> [Dataset section]
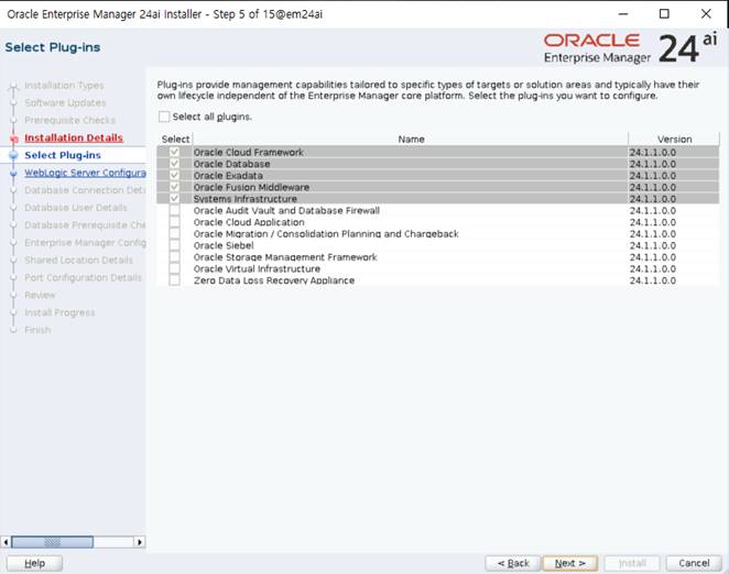 Plug-in 선택한 후, [Next >] 선택 (여기서는 Exadata 기준의 Plug-in 선택)
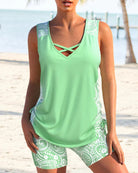 - Design: Two-piece set including a tank top and high-waist shorts.
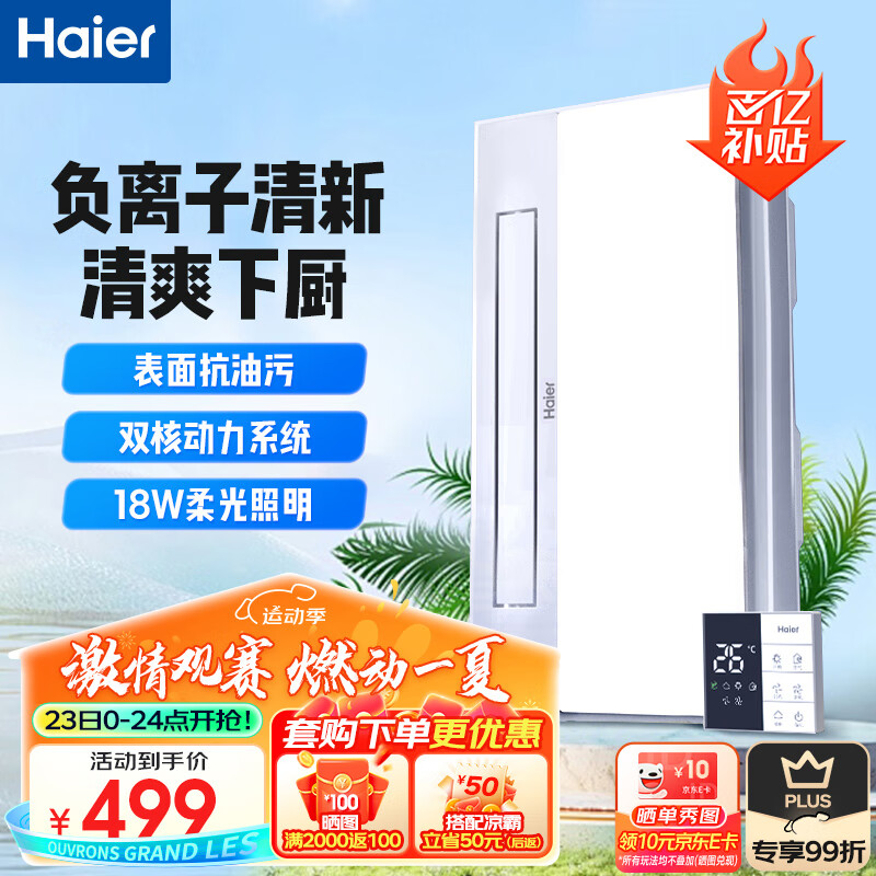 海尔(Haier)凉霸厨房换气照明三合一厨房冷风机吸顶式冷霸数字显示XL7价格:599.00元!
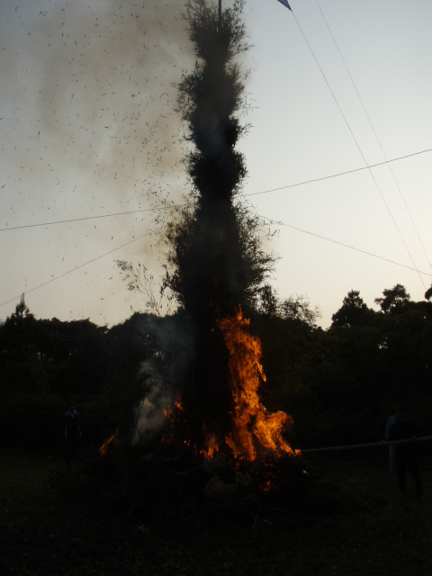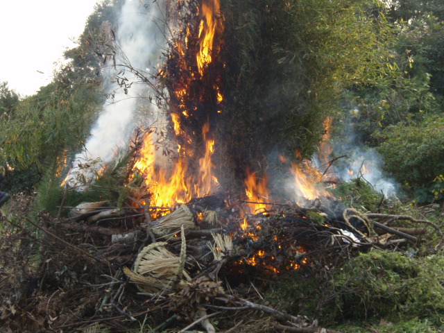 燃やす一番したの部分にはしめ縄などの正月の飾りがほおりこまれ、一緒に燃やす。

> [Exercise directions] Send back the data above word for word, with the pictures left out.

> [Reply]
 Plug-in 선택한 후, [Next >] 선택 (여기서는 Exadata 기준의 Plug-in 선택)
 - Design: Two-piece set including a tank top and high-waist shorts.
 海尔(Haier)凉霸厨房换气照明三合一厨房冷风机吸顶式冷霸数字显示XL7价格:599.00元!
 燃やす一番したの部分にはしめ縄などの正月の飾りがほおりこまれ、一緒に燃やす。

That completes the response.